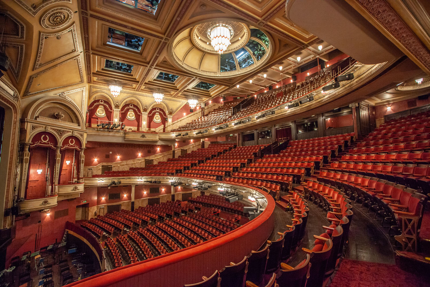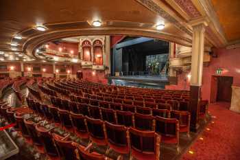 The Milburn brothers’ auditorium was renovated to a high level of detail and features a good number of restored 1928 theatre seats alongside replicas to make up the numbers. The color scheme devised for the auditorium was dark cream/light beige and crimson with silver and gold highlighting, using painting techniques such as glazed patinas to make the auditorium appear aged. Technical and Production/VIP viewing and control booths were added to the rear of the Dress Circle and a Followspot booth was added at the rear of the Upper Circle. Broadcast facilities were considered in the redevelopment and as such ample road power (and parking!) is available to the rear of the theatre for outside broadcast trucks, and flexible cableways provide plenty of options for routing heavy loads of temporary cables.
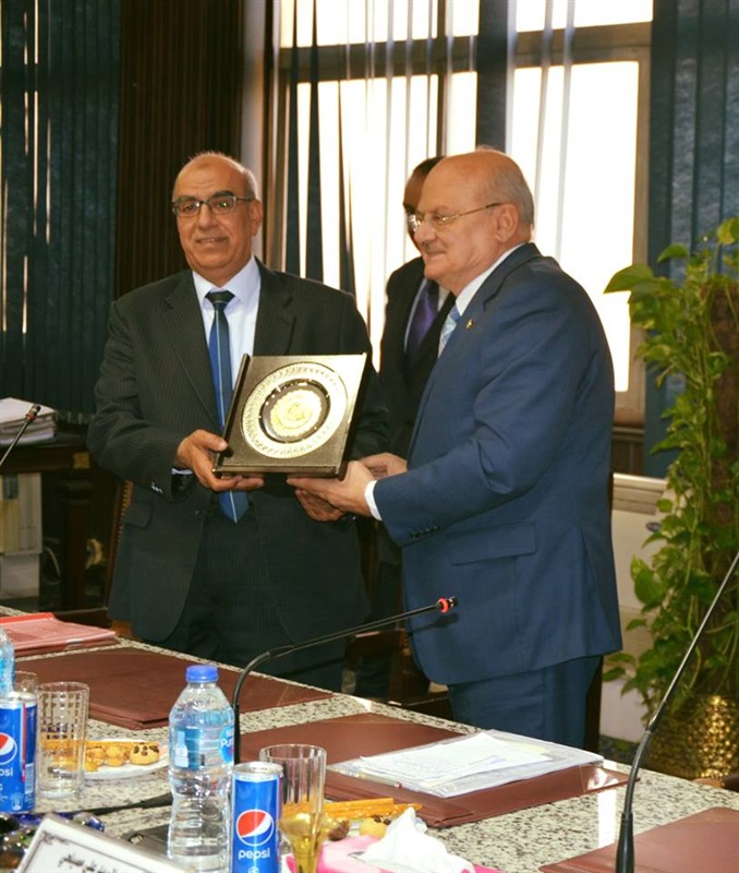 أمين عام الجامعة وقدم له الدكتور خالد عبد الباري درع الجامعة لبلوغة السن القانونية
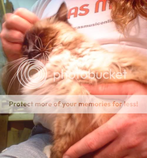 I was blasting OK Computer at an authoritative volume level, and when it was over I heard this pathetic mewling outside. I opened the door and there was Goofy, trying her best to convince me that the coyotes were coming to get her, so I picked her up and brought her in and we had a thorough scratching session...
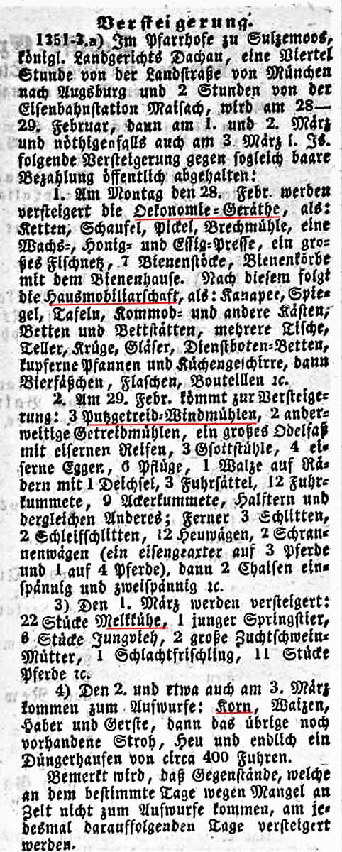 der Vermögensgegenstände von Pfr.Kammerlohr Recherchiert von Hans Schertl Versteigerung
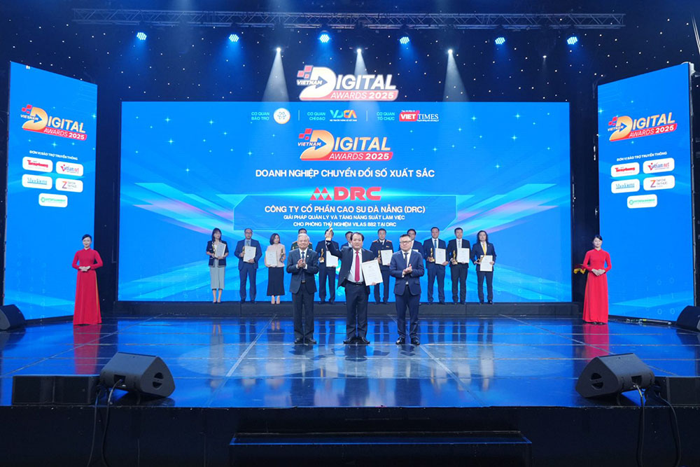 Ngày 8/10/2025, Công ty cổ phần Cao su Đà Nẵng (DRC) vinh dự được vinh danh tại Giải thưởng Chuyển đổi số Việt Nam – Vietnam Digital Awards (VDA) 2025, chính thức ghi danh vào hàng ngũ những doanh nghiệp tiên phong trong công cuộc chuyển đổi số toàn diện.
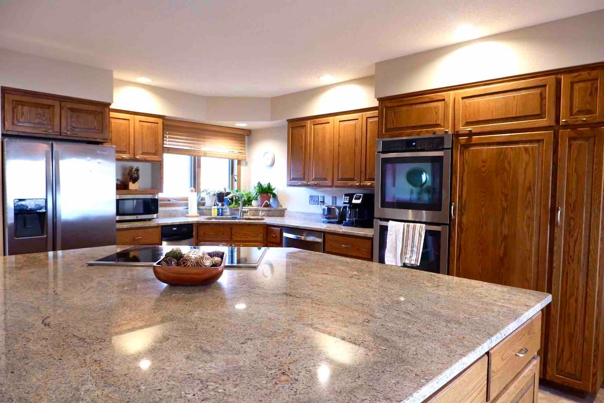Este lugar es perfecto para familias y reuniones porque es muy espacioso. Hay encimeras de granito, suelos de madera y alfombras limpias. Una cocina completa arriba y una zona de cocina abajo. Dos lavadoras y secadoras si necesitas lavar la ropa. Las tres salas de estar separadas permiten diferentes entornos de reunión. La parrilla está en la terraza y hay propano si está disponible. La cocina tiene una encimera completa y dos hornos. Hay una cafetera Keurig y tazas K para ti.
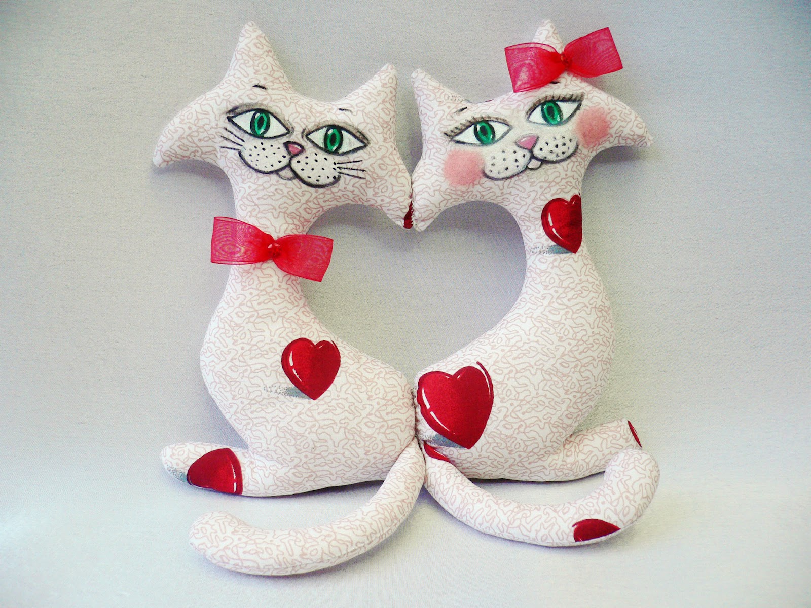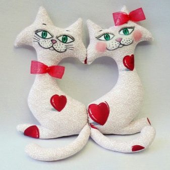 - souvenir toys made of chintz: decorative pillows, hearts, love-dolls in the form of a cat and a kitty, birds, a pair of horses;

————————

Action item | Nothing but the lines from the line containing "Este lugar es" through the last line of the material may be output, and they must be copied exactly, without pictures.

Solution to this exercise |
Este lugar es perfecto para familias y reuniones porque es muy espacioso. Hay encimeras de granito, suelos de madera y alfombras limpias. Una cocina completa arriba y una zona de cocina abajo. Dos lavadoras y secadoras si necesitas lavar la ropa. Las tres salas de estar separadas permiten diferentes entornos de reunión. La parrilla está en la terraza y hay propano si está disponible. La cocina tiene una encimera completa y dos hornos. Hay una cafetera Keurig y tazas K para ti.
 - souvenir toys made of chintz: decorative pillows, hearts, love-dolls in the form of a cat and a kitty, birds, a pair of horses;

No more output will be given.